O primeiro caso desse tipo de gripe no Brasil foi confirmado pelo Ministério da Saúde em dezembro do ano passado, no Pará. Pouco antes, a Organização Mundial da Saúde (OMS) e a Organização Pan-Americana da Saúde (Opas) haviam emitido alertas sobre a gripe K, em meio à chegada da temporada de gripes nas Américas.

O que é a gripe K?

Segundo o secretário executivo de Vigilância em Saúde da Sesa, o médico epidemiologista Antonio Silva Lima Neto, o “Tanta”, a H3N2 tem dominado o cenário epidemiológico no Ceará neste ano, fato que requer atenção.

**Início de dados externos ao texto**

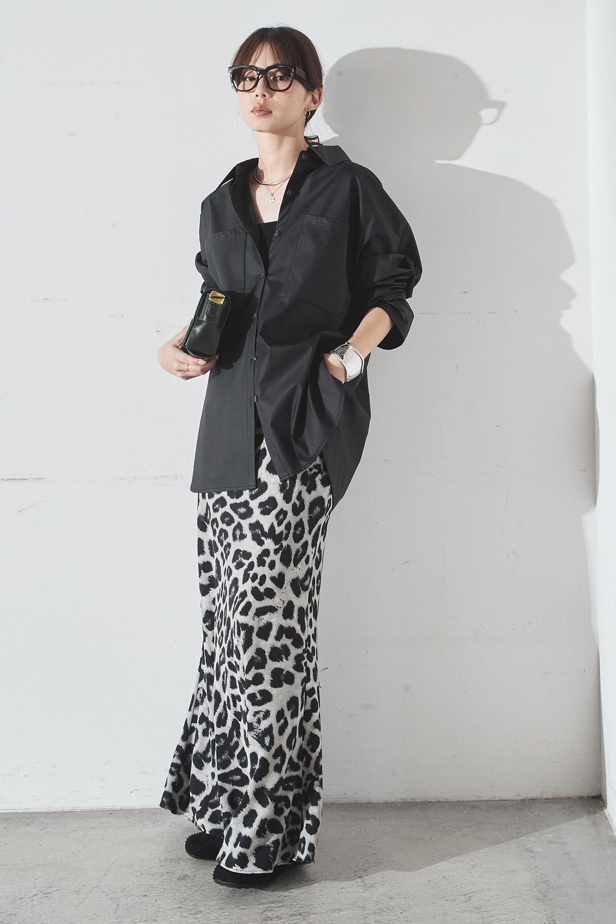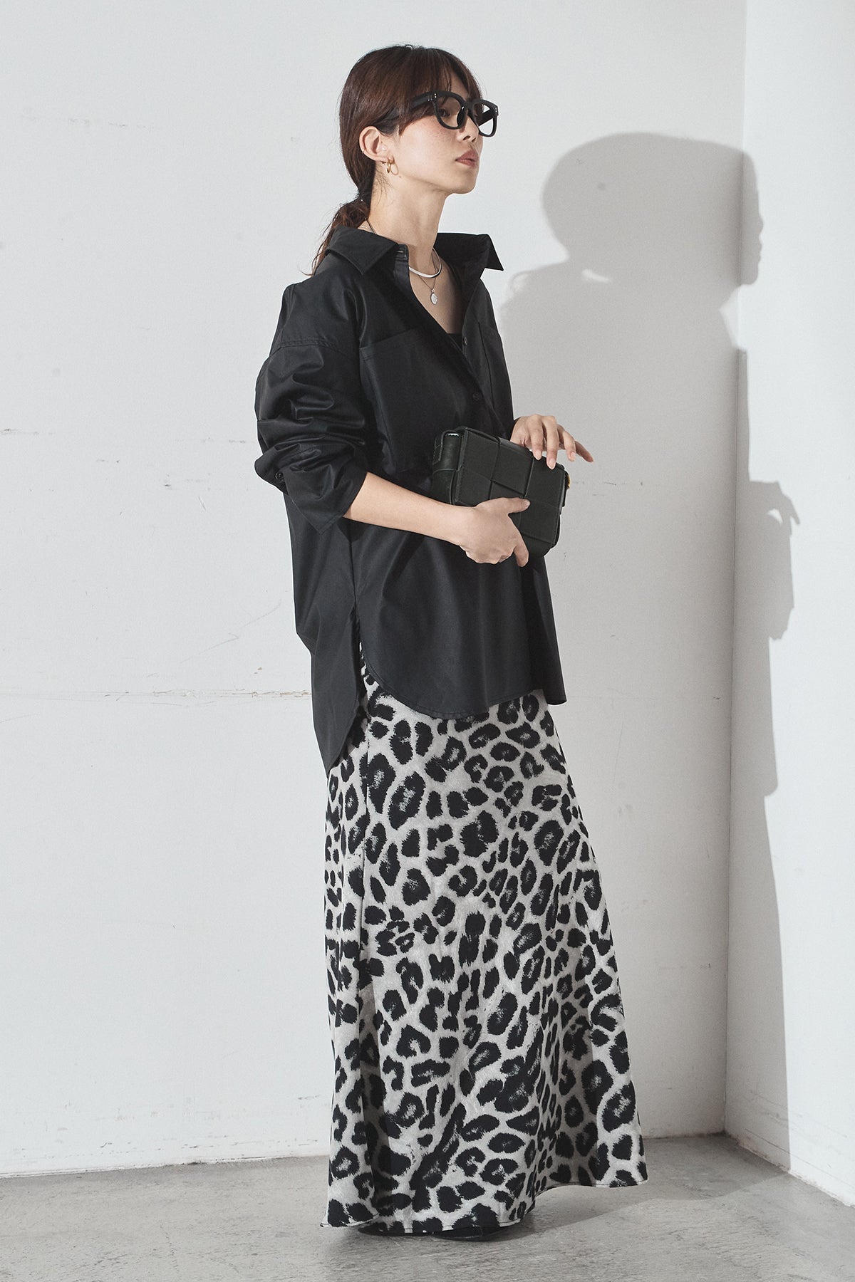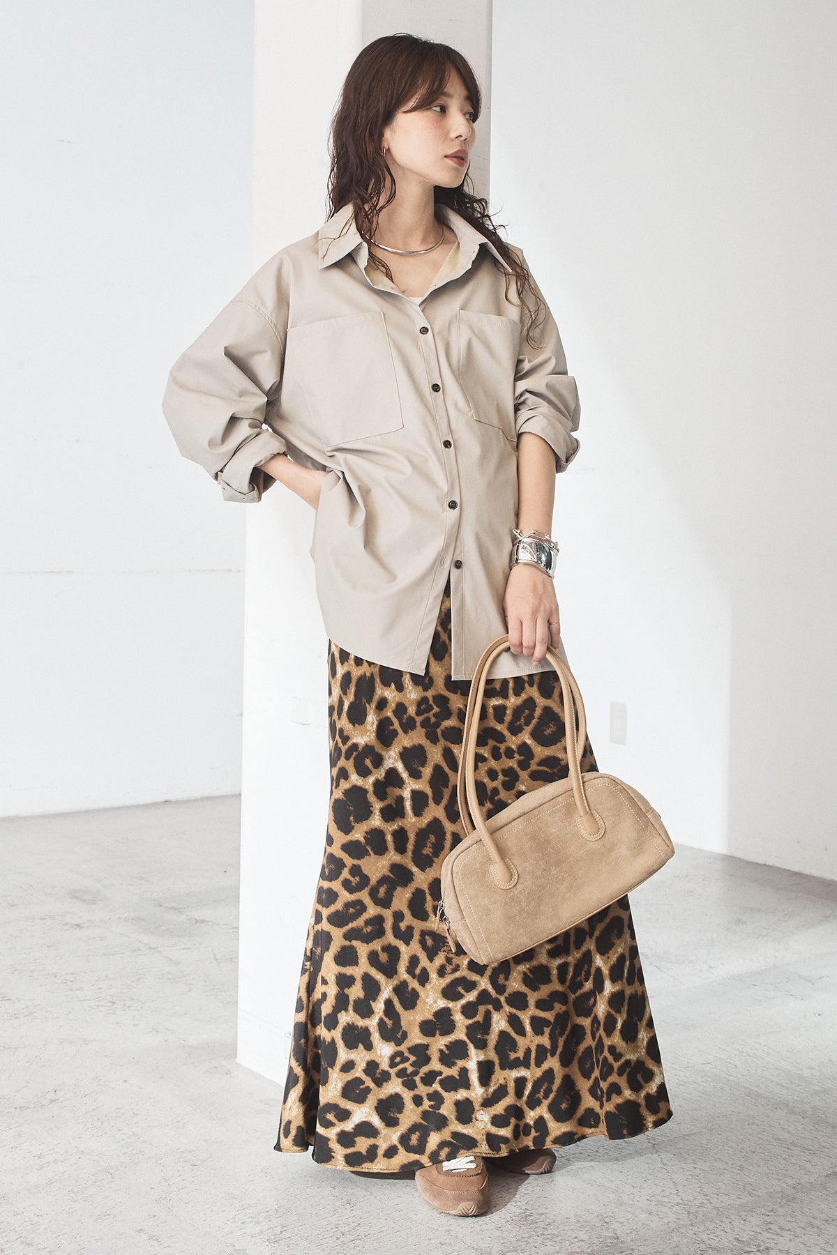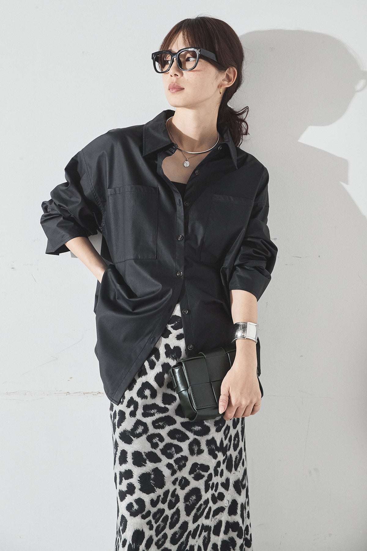 [SET]ウォッシャブルエコレザービックカフスシャツ+レオパードサテンナロースカート(2set)

“É só esse subtipo [H3N2] que circula nesse momento. E esse subtipo, eventualmente, pode estar associado a essa espécie de variação genômica, é o mesmo subtipo, sendo que ele tem um clado, um galhozinho K, que aumenta a transmissibilidade, mas não muda a virulência e também é protegido por vacina”, explica Tanta.

O médico ainda destaca que, em 2026, houve antecipação da temporada de gripe no País e também no Ceará e isso “pode estar relacionado com esse isolamento do subclado K”.

“Todos os casos em que conseguimos isolar o subtipo da influenza que está circulando, chama-se H3 sazonal, que é um subtipo clássico de influenza sazonal que já ocorre há décadas”, completa.

Quais os sintomas da gripe K?

Apesar de ser catalogada como uma nova variante, por ser um subtipo da influenza A, a gripe K possui os mesmos sintomas de uma gripe comum. Até o momento, não há evidências de que ela possa resultar em quadros de maior gravidade. Os principais sintomas da gripe K são: Dor no corpo; Dor de garganta; Tosse; ​Febre.

Como se prevenir?

Assim como os sintomas, os cuidados para evitar a transmissão da gripe K são os mesmos recomendados para outros tipos de gripe: manter as mãos bem higienizadas, dar preferência a ambientes ventilados e evitar contato com pessoas com sintomas. Além disso, quem estiver doente deve usar máscara e utilizar a etiqueta respiratória ao tossir.

Existe vacina contra a gripe K?

A vacinação contra a gripe também é uma medida fundamental para reduzir surtos e evitar complicações da doença. Atualmente, a vacina disponível no Sistema Único de Saúde (SUS) já protege contra o subclado K. Ela não evita a infecção, mas protege o paciente de quadro mais graves da doença. A campanha de imunização de 2026 ainda vai começar.